It Was Beautiful

by thatgirlyeojoo



Category: Monsta X (Band)
Genre: 13/10 would smooch kihyun, It kinda hurts, M/M, Rebound, Showki, kihyuk, maybe i am too whipped for kihyun too, shownu is a little shit, stream shoot out for clear skin, whipped minhyuk
Language: English
Status: Completed
Published: 2018-10-13
Updated: 2018-10-13
Packaged: 2019-08-01 12:22:55
Rating: Teen And Up Audiences
Warnings: Creator Chose Not To Use Archive Warnings, No Archive Warnings Apply
Chapters: 1
Words: 3,202
Publisher: archiveofourown.org
Story URL: https://archiveofourown.org/works/16284539
Author URL: https://archiveofourown.org/users/thatgirlyeojoo/pseuds/thatgirlyeojoo
Summary: Minhyuk thinks Kihyun is the most beautiful thing ever and Hyunwoo is a little shit.





	It Was Beautiful

**Author's Note:**

> Me: *a self-proclaimed writer*  
> Also me: *uses the word beautiful 2343 times*

Kihyun said he'd be here in five minutes; he'd just nip to the toilet before clocking out and meeting me.
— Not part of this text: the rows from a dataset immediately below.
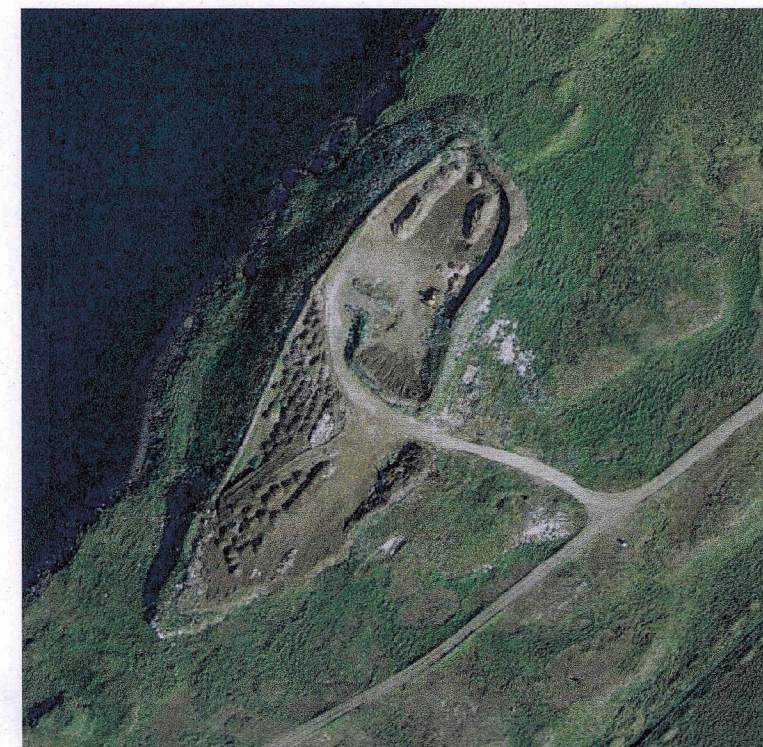
Mynd frá 2016 af urðunarstaðnum.

Aðalskipulagsbreyting þessi sem auglýst hefur verið skv. 2. mgr. 36. gr. skipulagslaga nr. 123/2010 var samþykkt í bæjarstjórn þann 13. Mars 2019.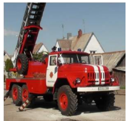
Ugniagesiai demonstravo turimą įrangą bei savo sugebėjimus.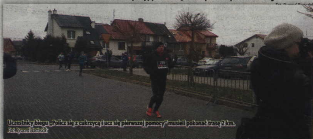
Uczestnicy biegu „Policz się z cukrzycą i ucz się pierwszej pomocy” musieli pokonać trasę 2 km.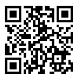
りゅうしょうどう接骨院さんのHP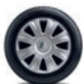
Copricerchi Inca 15"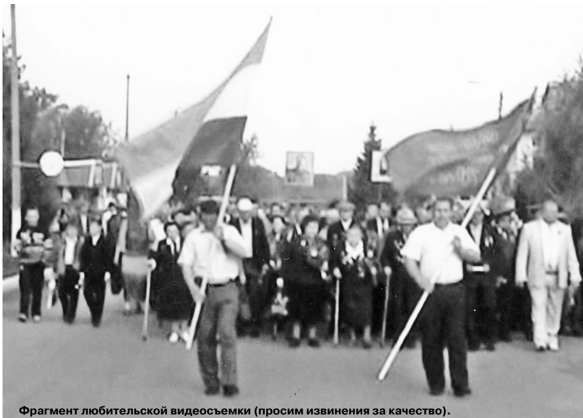
Фрагмент любительской видеосъемки (просим извинения за качество).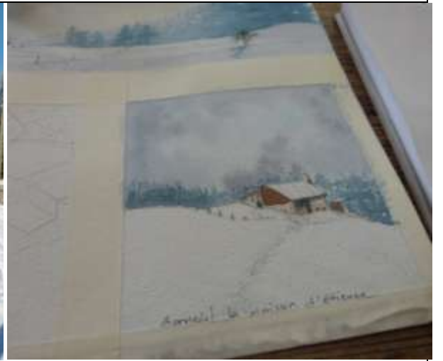
Cet hiver de la neige quoi on en ait dit !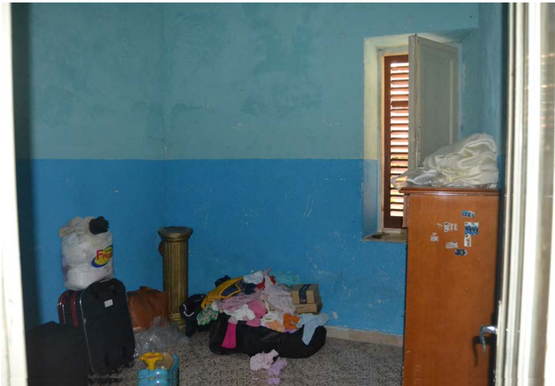
Fotografia 8 - Fabbricato identificato al N.C.E.U del Comune di Belmonte Mezzagno (PA), fg. 6, part.IIa 1400, sub. 5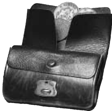
”Torgbörs” eller ”smålandspluska”. KMK.

Monnibox heter något som i reklamen kallas praktiskt. Med praktiskt menas att man kan pilla ned flera enkronor, tjugofemöringar, tioöringar, ettöringar i separata hål. Lika stor nytta sägs man ha av en grön, gul, blå eller röd liten tunna för 10-

It was a Friday night; I was able to convince him to finish his work early so we could go for a drink. "It makes no sense to render OT on a Friday, come on!" I urged him. Kihyun, a soft-hearted man with a pure soul, chirped out a laugh before conceding: "Fine, fine. Let me hang up now, so I can continue with my editing." Just the image of him crinkling his eyes and breaking into a smile so wide his dimples would appear at the apples of his plump cheeks makes me giddy. I always teased him about his cheeks--that gloriously bulge whenever he fills them with food--but truthfully, I think he's very cute that way. Makes me wanna squish him. A tiny little hamster, 13/10 would smooch. He'd be covering the mouthpiece with his stubby little hands and hunching over his mobile phone, making him look smaller, so his colleagues at the studio wouldn't hear. "Okay, see you later then!" "Bye!"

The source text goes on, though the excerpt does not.